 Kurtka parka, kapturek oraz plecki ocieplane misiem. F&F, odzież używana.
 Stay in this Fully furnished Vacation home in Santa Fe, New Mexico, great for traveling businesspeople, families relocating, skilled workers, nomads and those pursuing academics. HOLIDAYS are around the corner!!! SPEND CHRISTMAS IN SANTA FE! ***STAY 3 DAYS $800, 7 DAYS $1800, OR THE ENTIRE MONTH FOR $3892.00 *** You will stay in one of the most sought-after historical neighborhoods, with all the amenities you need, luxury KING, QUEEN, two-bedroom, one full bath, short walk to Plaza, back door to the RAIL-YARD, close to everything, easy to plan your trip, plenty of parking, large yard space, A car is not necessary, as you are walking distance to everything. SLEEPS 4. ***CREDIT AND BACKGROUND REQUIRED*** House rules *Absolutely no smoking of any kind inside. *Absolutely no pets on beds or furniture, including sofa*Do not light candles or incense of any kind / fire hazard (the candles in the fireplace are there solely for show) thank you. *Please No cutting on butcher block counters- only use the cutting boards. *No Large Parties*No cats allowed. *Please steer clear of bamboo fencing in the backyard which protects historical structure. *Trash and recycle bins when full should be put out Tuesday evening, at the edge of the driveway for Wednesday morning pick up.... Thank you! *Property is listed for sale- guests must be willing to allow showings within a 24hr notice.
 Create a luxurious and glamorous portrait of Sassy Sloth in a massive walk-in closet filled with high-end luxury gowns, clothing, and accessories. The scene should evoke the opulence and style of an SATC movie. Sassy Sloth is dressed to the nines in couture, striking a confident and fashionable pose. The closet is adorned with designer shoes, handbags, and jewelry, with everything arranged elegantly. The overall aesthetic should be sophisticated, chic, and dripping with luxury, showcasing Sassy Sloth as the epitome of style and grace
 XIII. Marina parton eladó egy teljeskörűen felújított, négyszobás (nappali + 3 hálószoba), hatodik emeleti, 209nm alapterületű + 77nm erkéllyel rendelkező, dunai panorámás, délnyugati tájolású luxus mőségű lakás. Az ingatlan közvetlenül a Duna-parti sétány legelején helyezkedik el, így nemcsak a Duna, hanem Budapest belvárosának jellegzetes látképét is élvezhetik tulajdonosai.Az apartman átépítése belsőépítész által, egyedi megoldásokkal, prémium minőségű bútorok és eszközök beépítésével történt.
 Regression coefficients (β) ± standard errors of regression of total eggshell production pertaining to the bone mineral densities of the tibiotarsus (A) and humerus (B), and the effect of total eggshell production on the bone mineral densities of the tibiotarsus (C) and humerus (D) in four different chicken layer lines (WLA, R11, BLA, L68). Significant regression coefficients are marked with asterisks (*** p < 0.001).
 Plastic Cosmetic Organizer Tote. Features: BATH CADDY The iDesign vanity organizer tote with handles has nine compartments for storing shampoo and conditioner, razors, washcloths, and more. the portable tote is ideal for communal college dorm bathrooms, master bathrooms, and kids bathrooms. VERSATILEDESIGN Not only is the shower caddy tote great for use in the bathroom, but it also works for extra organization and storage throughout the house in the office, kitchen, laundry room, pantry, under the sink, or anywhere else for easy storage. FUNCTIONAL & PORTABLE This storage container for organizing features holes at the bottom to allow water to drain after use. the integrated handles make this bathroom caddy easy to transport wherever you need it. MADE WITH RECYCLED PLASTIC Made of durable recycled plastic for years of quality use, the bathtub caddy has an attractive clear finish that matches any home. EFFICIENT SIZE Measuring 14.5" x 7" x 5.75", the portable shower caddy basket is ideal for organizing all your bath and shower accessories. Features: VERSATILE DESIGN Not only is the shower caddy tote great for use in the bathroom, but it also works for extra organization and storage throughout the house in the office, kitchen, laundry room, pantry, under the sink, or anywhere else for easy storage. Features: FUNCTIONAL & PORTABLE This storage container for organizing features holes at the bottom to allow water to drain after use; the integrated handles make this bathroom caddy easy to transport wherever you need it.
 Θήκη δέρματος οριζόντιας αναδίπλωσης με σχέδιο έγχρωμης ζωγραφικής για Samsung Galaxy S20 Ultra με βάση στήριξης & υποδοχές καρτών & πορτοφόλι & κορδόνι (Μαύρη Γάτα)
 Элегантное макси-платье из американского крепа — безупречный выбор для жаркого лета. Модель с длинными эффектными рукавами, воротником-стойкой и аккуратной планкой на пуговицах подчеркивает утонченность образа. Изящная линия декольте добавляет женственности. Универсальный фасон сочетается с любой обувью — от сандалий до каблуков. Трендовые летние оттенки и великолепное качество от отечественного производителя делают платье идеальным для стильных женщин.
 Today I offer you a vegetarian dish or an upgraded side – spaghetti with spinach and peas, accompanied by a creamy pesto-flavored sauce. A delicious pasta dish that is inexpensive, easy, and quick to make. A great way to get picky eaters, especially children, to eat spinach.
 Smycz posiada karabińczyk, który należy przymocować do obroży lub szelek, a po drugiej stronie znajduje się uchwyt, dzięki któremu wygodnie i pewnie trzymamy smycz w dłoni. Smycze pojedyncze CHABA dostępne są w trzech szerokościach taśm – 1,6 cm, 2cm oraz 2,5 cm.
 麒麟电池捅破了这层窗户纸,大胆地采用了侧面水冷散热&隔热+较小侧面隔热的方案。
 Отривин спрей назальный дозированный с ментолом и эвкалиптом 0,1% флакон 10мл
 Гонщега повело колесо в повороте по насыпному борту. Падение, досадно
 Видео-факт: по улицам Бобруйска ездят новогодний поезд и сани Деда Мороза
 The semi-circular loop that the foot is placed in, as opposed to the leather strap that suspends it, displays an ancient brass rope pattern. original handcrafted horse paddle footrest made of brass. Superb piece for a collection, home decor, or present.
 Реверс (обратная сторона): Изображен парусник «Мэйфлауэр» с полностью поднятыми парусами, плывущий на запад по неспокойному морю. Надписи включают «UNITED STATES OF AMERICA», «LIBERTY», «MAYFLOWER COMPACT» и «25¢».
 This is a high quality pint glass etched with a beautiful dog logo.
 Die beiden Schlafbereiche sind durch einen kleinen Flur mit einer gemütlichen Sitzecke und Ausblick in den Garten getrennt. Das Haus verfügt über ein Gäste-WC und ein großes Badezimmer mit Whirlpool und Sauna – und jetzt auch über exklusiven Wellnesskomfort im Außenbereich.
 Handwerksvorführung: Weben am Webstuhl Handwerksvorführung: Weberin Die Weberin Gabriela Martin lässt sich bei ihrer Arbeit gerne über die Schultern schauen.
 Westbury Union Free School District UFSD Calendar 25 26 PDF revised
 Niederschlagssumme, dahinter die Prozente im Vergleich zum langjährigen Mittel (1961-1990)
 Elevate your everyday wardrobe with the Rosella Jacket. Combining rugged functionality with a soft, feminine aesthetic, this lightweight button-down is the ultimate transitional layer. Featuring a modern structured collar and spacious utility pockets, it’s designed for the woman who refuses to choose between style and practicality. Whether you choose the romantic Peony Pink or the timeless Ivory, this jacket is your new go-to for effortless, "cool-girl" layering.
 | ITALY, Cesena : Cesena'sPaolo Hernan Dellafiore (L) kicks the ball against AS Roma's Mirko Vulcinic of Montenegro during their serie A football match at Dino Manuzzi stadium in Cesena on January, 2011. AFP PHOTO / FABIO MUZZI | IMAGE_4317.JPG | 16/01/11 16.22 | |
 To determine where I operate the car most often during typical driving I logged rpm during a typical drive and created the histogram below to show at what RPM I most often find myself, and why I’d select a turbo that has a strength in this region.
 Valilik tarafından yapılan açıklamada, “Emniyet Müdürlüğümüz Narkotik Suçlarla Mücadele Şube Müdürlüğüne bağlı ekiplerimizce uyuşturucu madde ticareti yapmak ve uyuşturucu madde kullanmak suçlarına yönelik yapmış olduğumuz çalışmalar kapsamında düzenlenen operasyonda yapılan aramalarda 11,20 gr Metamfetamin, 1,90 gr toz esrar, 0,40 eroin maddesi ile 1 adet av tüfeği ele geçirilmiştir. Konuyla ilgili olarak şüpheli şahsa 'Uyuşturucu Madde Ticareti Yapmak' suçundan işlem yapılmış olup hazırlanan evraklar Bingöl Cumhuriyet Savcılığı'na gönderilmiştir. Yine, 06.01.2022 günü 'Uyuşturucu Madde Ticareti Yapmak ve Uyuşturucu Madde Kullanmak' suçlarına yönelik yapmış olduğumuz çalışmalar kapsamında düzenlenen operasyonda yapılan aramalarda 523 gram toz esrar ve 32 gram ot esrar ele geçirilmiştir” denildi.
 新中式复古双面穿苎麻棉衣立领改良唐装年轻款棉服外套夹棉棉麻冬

....

## Exercise prompt
Scan the entries for lines holding the string "high", then copy every one of them.

## Response below
 Create a luxurious and glamorous portrait of Sassy Sloth in a massive walk-in closet filled with high-end luxury gowns, clothing, and accessories. The scene should evoke the opulence and style of an SATC movie. Sassy Sloth is dressed to the nines in couture, striking a confident and fashionable pose. The closet is adorned with designer shoes, handbags, and jewelry, with everything arranged elegantly. The overall aesthetic should be sophisticated, chic, and dripping with luxury, showcasing Sassy Sloth as the epitome of style and grace
 This is a high quality pint glass etched with a beautiful dog logo.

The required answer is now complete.